Drama yang menewaskan lebih dari 130 orang di sebuah stadion sepak bola di Indonesia pada 1 Oktober itu dipicu oleh tembakan gas air mata oleh polisi. Menteri Pertahanan Mohamed Mahfud mempresentasikan hasil penyelidikan resmi atas bencana tersebut pada hari Jumat. Disebutkan bahwa polisi telah bertindak “berlebihan”.
Mahfut mengatakan rekaman CCTV di dalam dan sekitar stadion di Malang, sebuah kota di Jawa, menunjukkan bahwa sebagian besar orang tewas atau terluka dalam protes ketika polisi menembakkan gas air mata ke kerumunan. Menurut menteri, orang-orang tergencet saat mencari teman atau mencoba membantu orang lain yang tergeletak di tanah.

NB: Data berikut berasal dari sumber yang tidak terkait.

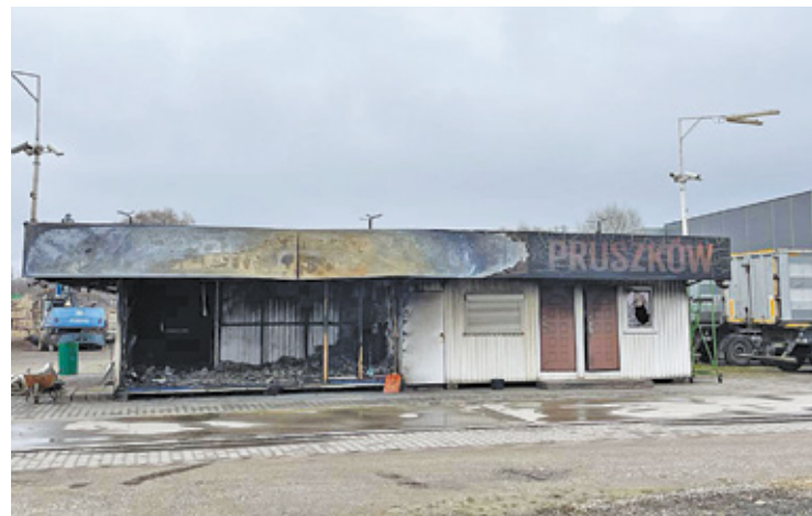
Na placu w Pruszkowie zostało tylko puste miejsce po kultowej maszynie. Nieoficjalnie udało nam się dowiedzieć, że czołg zmienił miejsce pobytu przez kłótnię między wspólnikami.

Ze względu na zawyżyły status prawny i ilość spółek związanych z firmą w
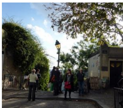
Conflanaises en goquette
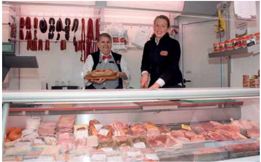
Die Metzgerei Dosenbach kommt jeden Freitag und Samstag zum Müllheimer Wochenmarkt.

Der Müllheimer Wochenmarkt bringt nicht nur Leben in die Fußgängerzone im Bereich des Marktplatzes, er versorgt auch viele Menschen in der Stadt mit frischen Lebensmitteln und Blumen. Aktuell sind 27 Marktbesucher aus der Region vertreten. Doch nicht alle Erzeuger und Erzeugerinnen sind an allen drei Markttagen in Müllheim. Manche bieten ihre Erzeugnisse nur dienstags an, andere Marktbesucher wählen einen der beiden anderen Markttag, manche Anbieter kommen an allen drei Markttagen, also dienstags, freitags und samstags. Die gebotene Vielfalt braucht keinen Vergleich mit anderen Wochenmärkten in der Region scheuen. Wer bei den Marktleuten einkauft, schätzt vor allen Dingen die Frische der Produkte und die Vielfalt. In einer losen Reihenfolge stellt die Stadtverwaltung die einzelnen Marktbesucher vor.
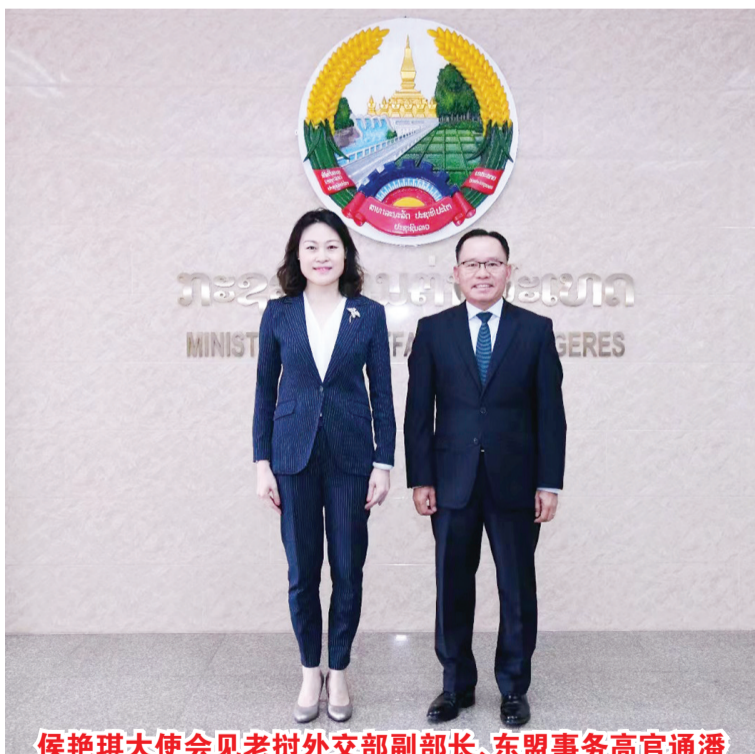
侯艳琪大使会见老挝外交部副部长、东盟事务高官通潘
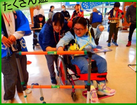
お楽しみのゲームコーナーです
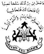
MIRZA MASROOR AHMAD HEAD OF THE AHMADIYYA COMMUNITY IN ISLAM

بِسْمِ اللَّهِ الرَّحْمَنِ الرَّحِيمِ نُحْمَدُهُ وَنُصَلِّي عَلَى رَسُوْلِهِ الْكَرِيمِ وَعَلَى عِبْدِهِ الْمَسِيْحِ الْمَوْعُوْدِ خدا کے فضل اور رحم کے ساتھ هوالتااصر
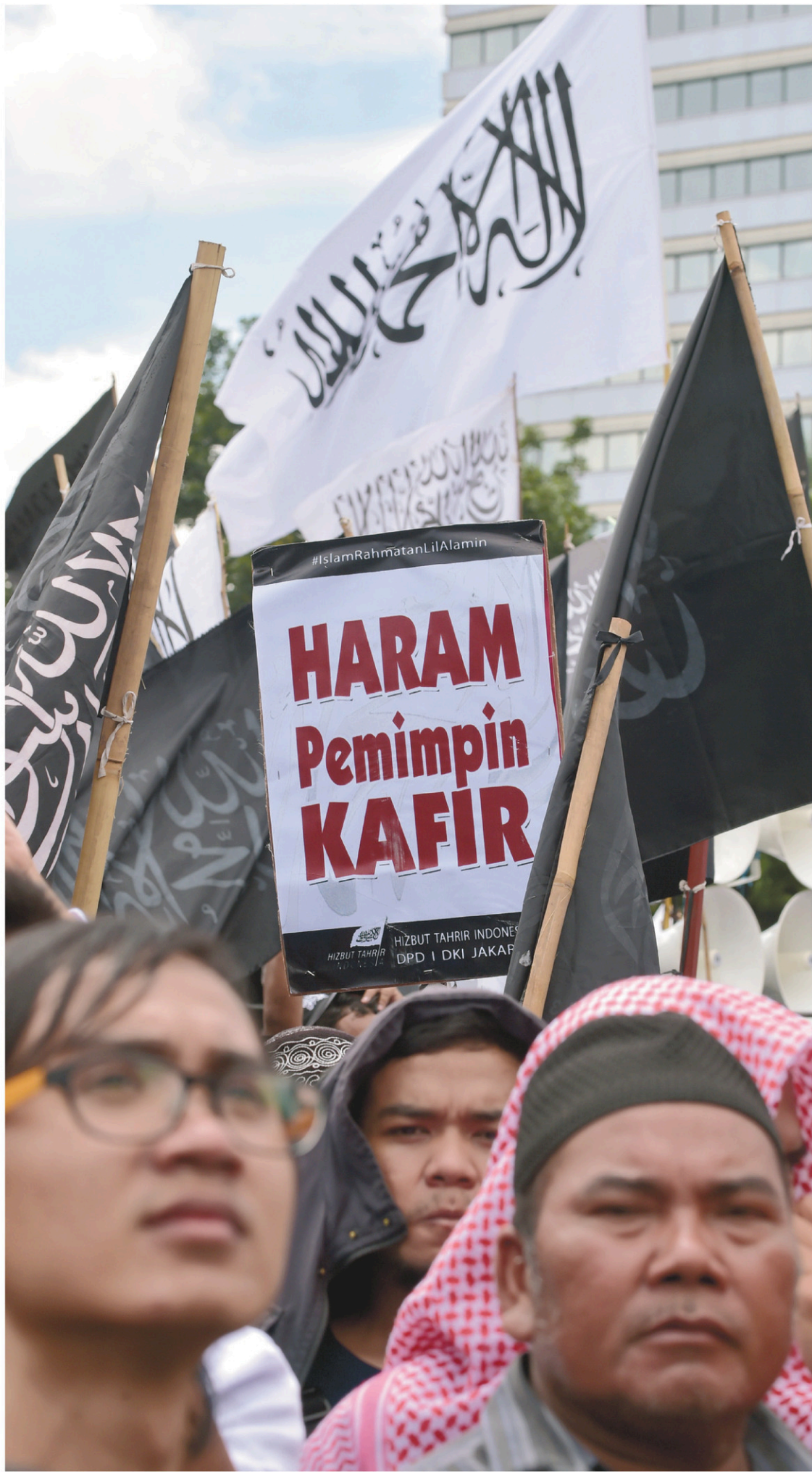
Des musulmans ont manifesté dimanche à Jakarta en soutien au Front des défenseurs de l'islam.

« Certains bureaucrates et certains hommes politiques opportunistes aiment [le Front des défenseurs de l'islam], car ils peuvent s'en servir comme arme, tout en affirmant agir au nom de l'islam »
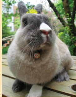
小豬和兔子也常成為人們的同伴動物
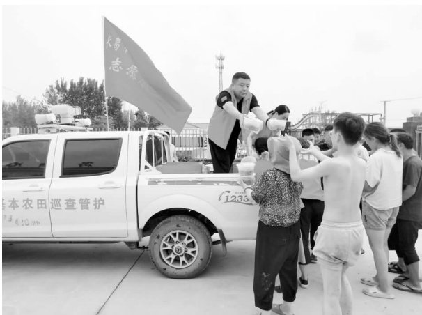
2021 年 7 月 22 日，长葛市自然资源和规划局志愿者为大周镇防汛救灾安置点群众送爱心餐

【地质灾害防治】 加大对地质灾害隐患点的巡查力度，向防灾区、受地质灾害威胁的村庄群众宣传地质灾害防治的基本知识，发放防灾图片、避险卡 1000 多份，制订应急预案，在重
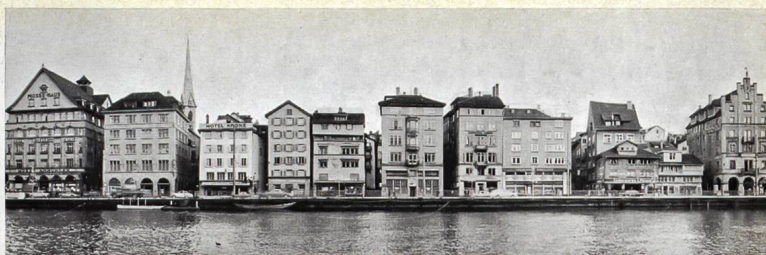
Der Limmatquai, wie er sich von der Schiffe aus gesehen heute darstellt.

Auf dem unteren Bild wurde ein als ‚guter Neubau‘ ausgezeichnetes Geschäftshaus aus dem Sihlquartier versuchsweise an den Limmatquai versetzt (Photomontage). Die unerfreuliche Wirkung ist offensichtlich: der viel zu große Bau stört den Maßstab, die horizontale Gliederung widerspricht der vertikal geteilten bisherigen Bebauung. Auch die Baustoffe Glas und Stahl sind hier am falschen Ort.
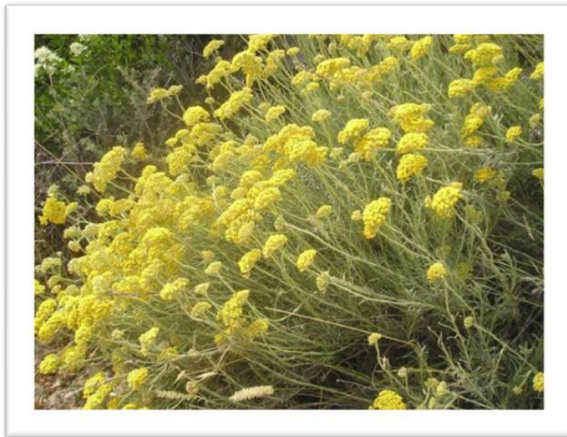
Slika 8. Helichrysum arenarium (L.) Moench- Smilje

Smilje je trajna zeljasta biljka sivkaste boje, obrasla vunanim dlakama (Slika 8.). Naraste do 60 cm visine. Stabljika je uspravna, ne razgranjena, i na njoj su na izmjenice raspoređeni listići čvrste kutikule, koji su s lica zeleni, a s naličja sivo zeleni, prekriveni sitnim dlačicama. Donji listići pri osnovi su skupljeni u rozetu.
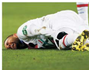
Brazilianul Neymar ratează șocul Barcelona-PSG și reîntâlnirea, ca dușmani, cu prietenul Leo Messi

Revin în actualitate meciurile din cadrul competițiilor europene intercluburi. Cu primele patru partide tur din optimile Champions League și
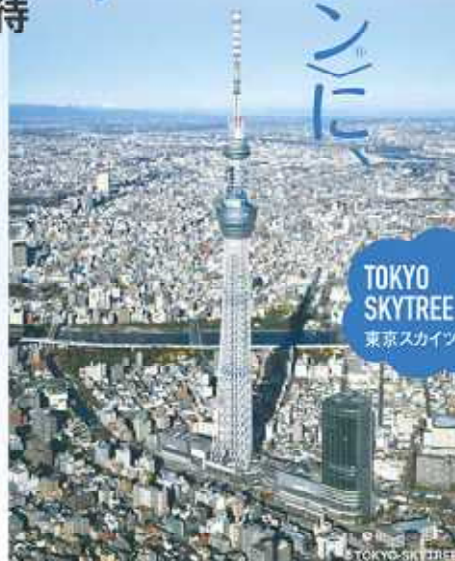
TOKYO SKYTREE 東京スカイツリー
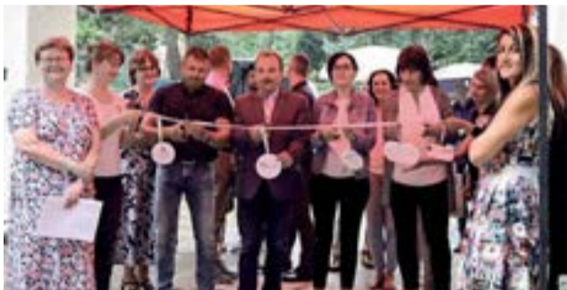
Prostory Charity Šternberk prošly rekonstrukcí.

Novotou září prostory charitního střediska ve Šternberku, které prošly nákladnou rekonstrukcí. Slavnostního otevření se začátkem srpna zúčastnil i náměstek hejtmána Dalibor Horák. „Před pár měsíci jsem měl příležitost na vlastní oči vidět tyto prostory před zahájením oprav. Mohu konstatovat, že proměna je dokonalá, jako bych se posunul v čase o několik desetiletí,“ uvedl náměstek Horák.
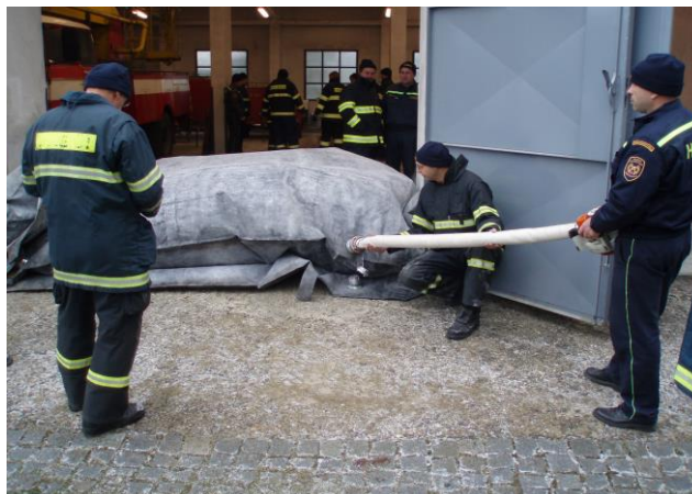
Obrázek 1: Mobilní protipovodňové bariéry
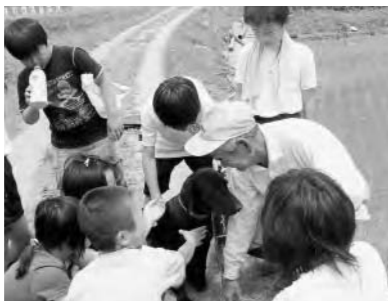
里守犬と交流する岩屋小の子どもたち
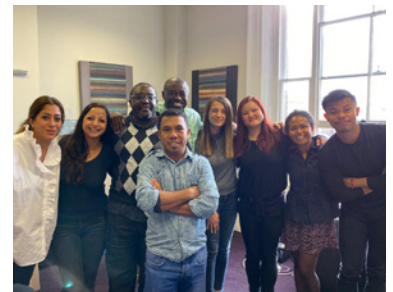
Kursu Intensivu Komunikaun no Relasaun Públika, ISOC, Londres, 4-15 Novembru 2019
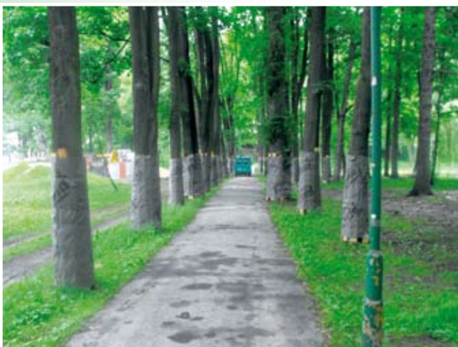
Park Dolny roboty zabezpieczające na starym drzewostanie
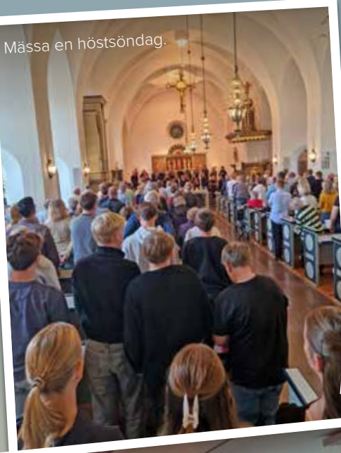
Mässa en höstsöndag.
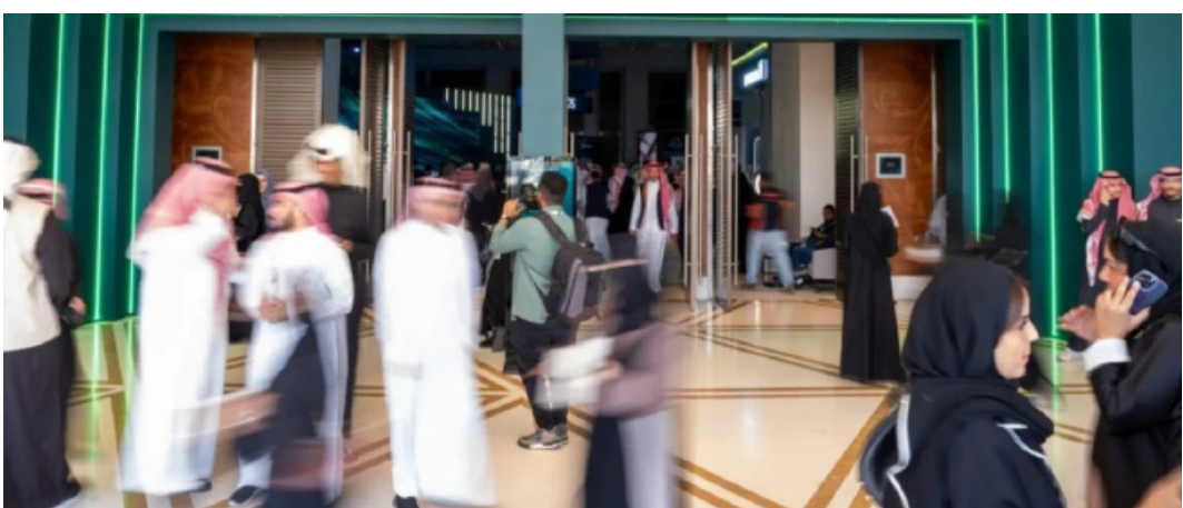
حضور إحدى فعاليات النسخة الماضية للمنتدى السعودي للإعلام
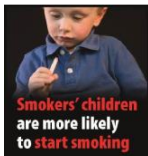
Börn foreldra sem reykja eru líklegri til að byrja að reykja en börn annarra
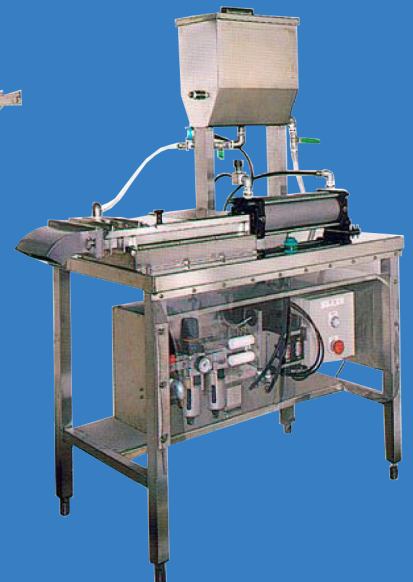
寒天自動定量裁断装置 [みつ豆]用
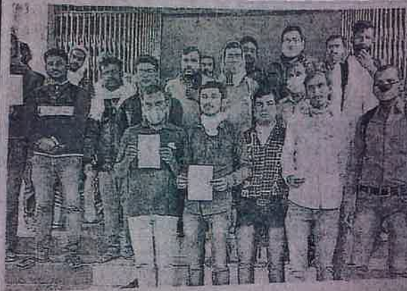
नौकरी के लिए नियोजनालय पहुंचते युवक • जागरण

13 हजार युवतियों और तीन थर्ड जॉडर ने भी रोजगार के लिए कर रखा है आवेदन
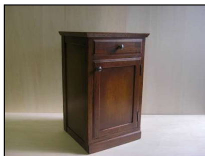
課題例 2(ベッドサイドボード)
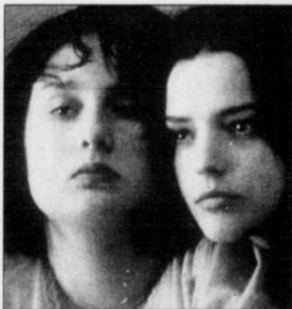
Après le sulfureux « Romance », Catherine Breillat explore les mœurs intimes féminines dans « À ma sœur! ».
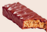
Barre de céréales
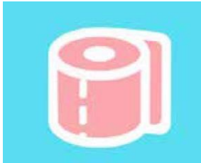
Tirer la chasse

Relie chaque image avec le bon nombre de litre d'eau qu'elle consomme.
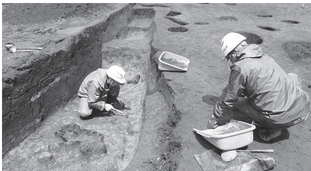
埋蔵文化財の発掘調査の様子
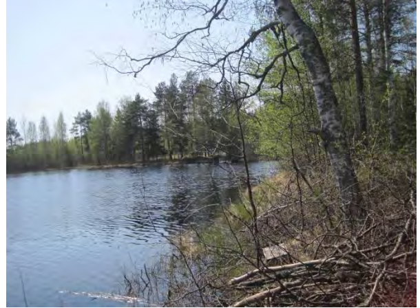
Kuva 41. Lamminsuonlampi, taustalla näkyy myös rantapeltoa

Tämän työn selvitysalue rajautuu idässä maisemallisesti hienoon Konttikallioon .
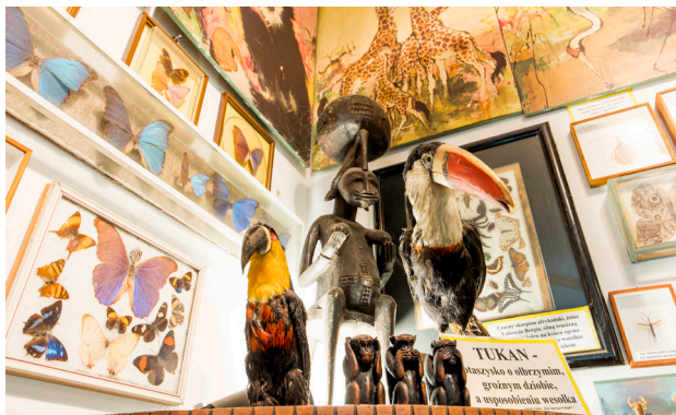
1 Muzeum Arkadego Fiedlera.

Arcyciekawą atrakcją jest Muzeum Pracownia Literacka Arkadego Fiedlera . Legendarny już dzisiaj pisarz podróżnik mieszkał w Puszczykowie, a jego rodzinny dom (zamieszkały nadal przez kolejne pokolenia Fiedlerów) stał się muzeum, pełnym zbiorów z wypraw. Otacza go Ogród Kultur i Tolerancji, z kopiami posągów z Wyspy Wielkanocnej czy rzeźb azteckich. Wśród eksponatów jest wykonana w skali 1:1 replika okrętu Krzysztofa Kolumba oraz myśliwca Hawker Hurricane, którym walczyli polscy lotnicy opisani przez Arkadego Fiedlera w Dywizjonie 303 .

FIFA, badan sepak bola internasional, telah melarang penggunaan gas air mata di stadion, tetapi Mahfoud mengatakan agen di stadion tidak mengetahui hal ini. Mereka juga melemparkan granat ke arah yang acak. Investigasi terpisah terhadap komposisi kimia dari gas yang digunakan masih berlangsung, tetapi Mahfoud mengatakan, “ini tidak mengubah kesimpulan bahwa banyak kematian terutama disebabkan oleh gas air mata.”
Penyidik juga ingin agar direksi Persatuan Sepak Bola Indonesia dan klub Arema FC bertanggung jawab. Menjelang pertandingan antara klub Malang dan rival berat Persebaya Surebaya, peringatan keamanan diabaikan dan lebih banyak tiket terjual daripada yang diizinkan.
Usai pertandingan yang dimenangi Malang 2-3, ribuan suporter turun ke lapangan. Setelah ini, polisi menembakkan gas air mata dan terjadi keributan di stadion. Setidaknya enam orang telah dipesan sehubungan dengan drama itu.
“Penggemar TV Wannabe. Pelopor media sosial. Zombieaholic. Pelajar ekstrem. Ahli Twitter. Nerd perjalanan yang tak tersembuhkan.”
More Stories
Apakah Kotak Kontak adalah Solusi untuk Mengelola Peralatan Listrik Anda Secara Efisien?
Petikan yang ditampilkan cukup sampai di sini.